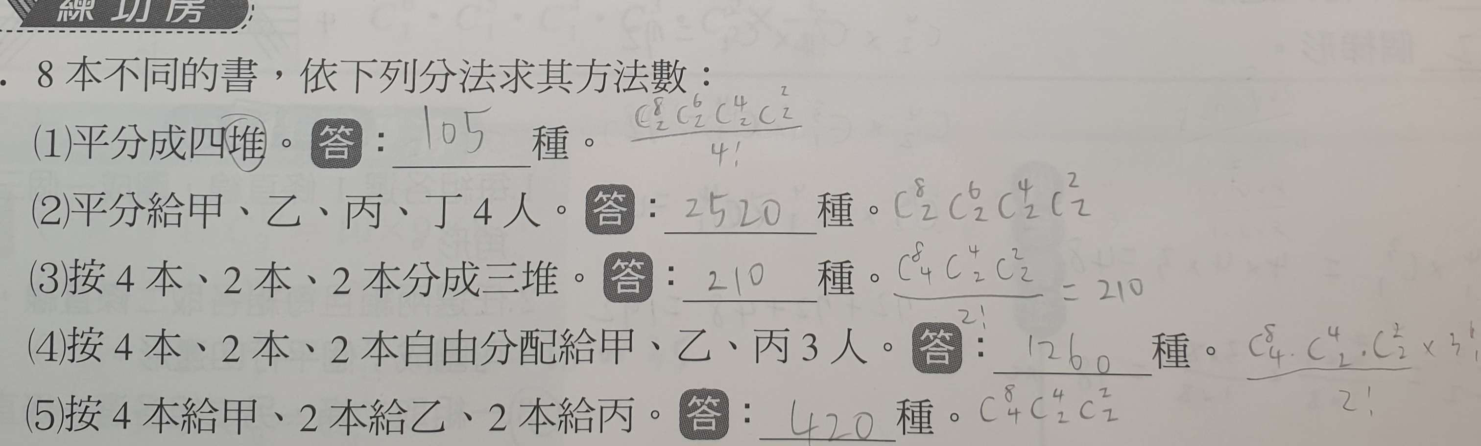 4. 分配給甲乙丙的話不是算分組了嗎?為什麼還要÷2!
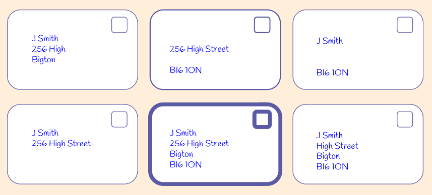 Correct addresses on letters include a name, street name, town, and postcode.
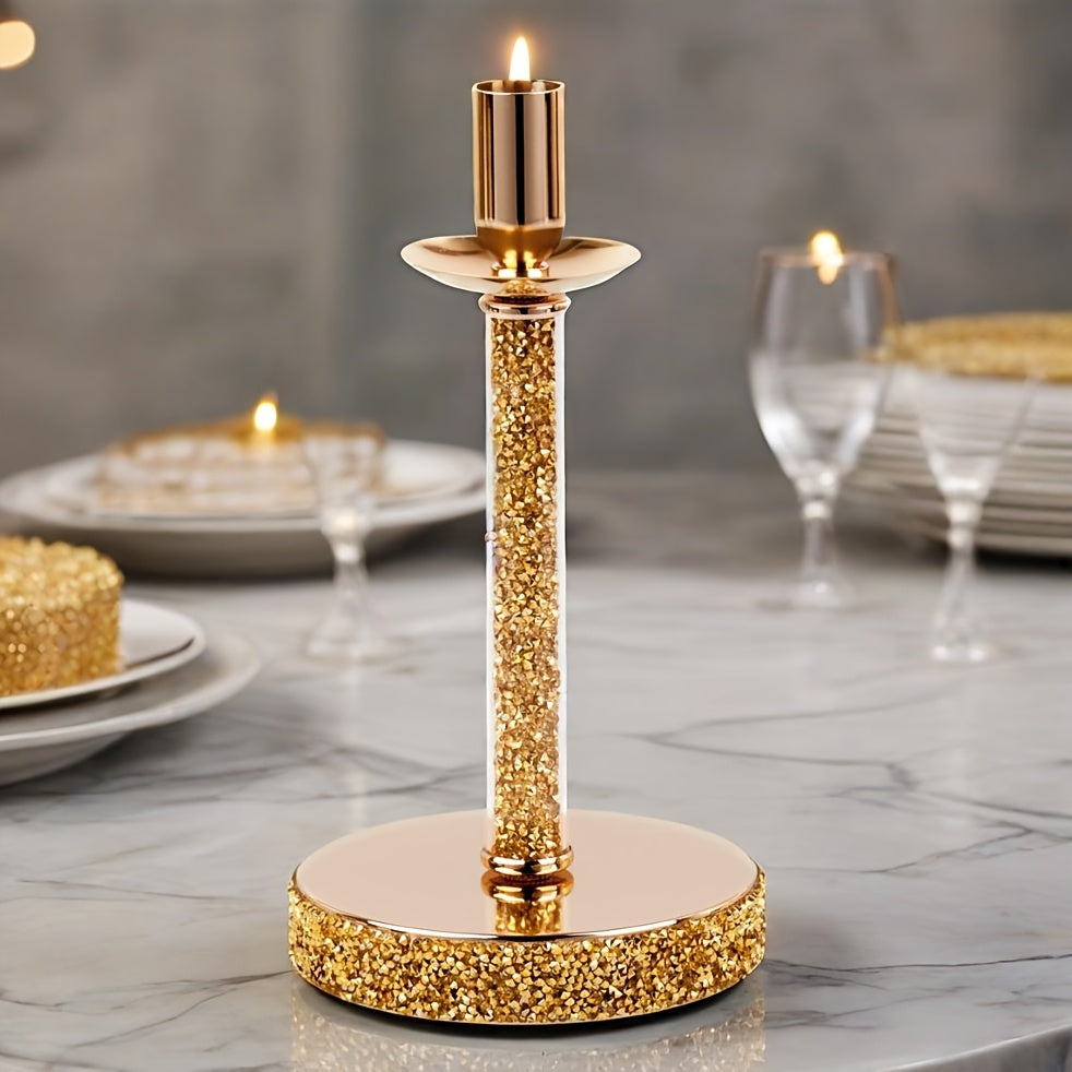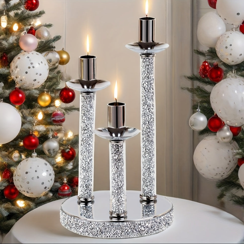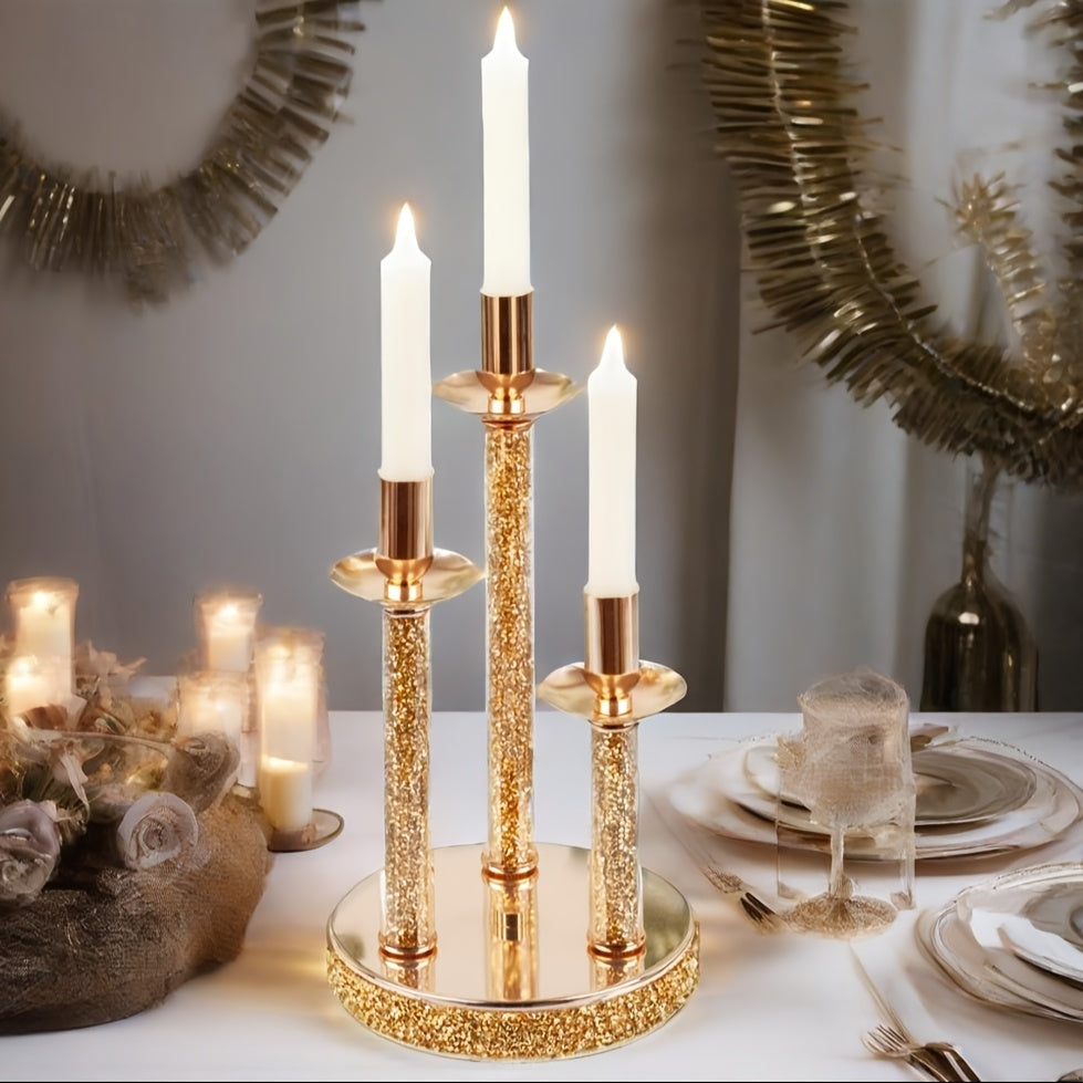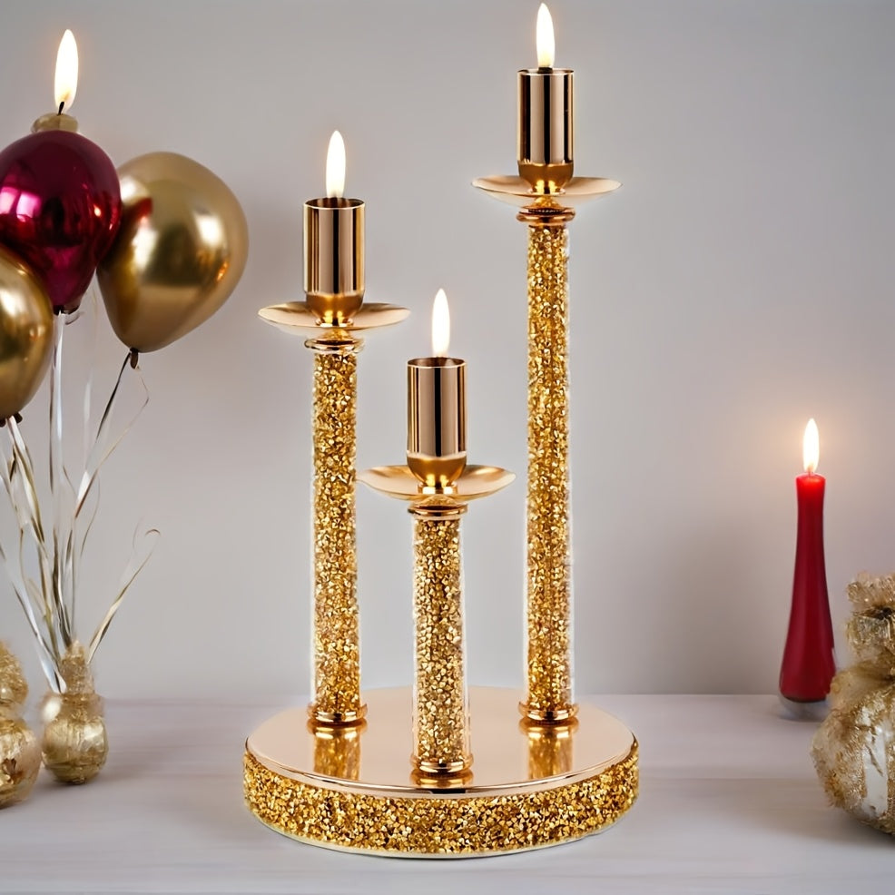 Luxury 3-Arm Metal Candle Holder with Golden Glitter Accents - Oil-Rubbed Finish Tabletop Decor

------------------------------

What this task involves >> For this step, transcribe all the material above exactly and drop the images.

Answer area >>
 4. 分配給甲乙丙的話不是算分組了嗎?為什麼還要÷2!
 Correct addresses on letters include a name, street name, town, and postcode.
 Luxury 3-Arm Metal Candle Holder with Golden Glitter Accents - Oil-Rubbed Finish Tabletop Decor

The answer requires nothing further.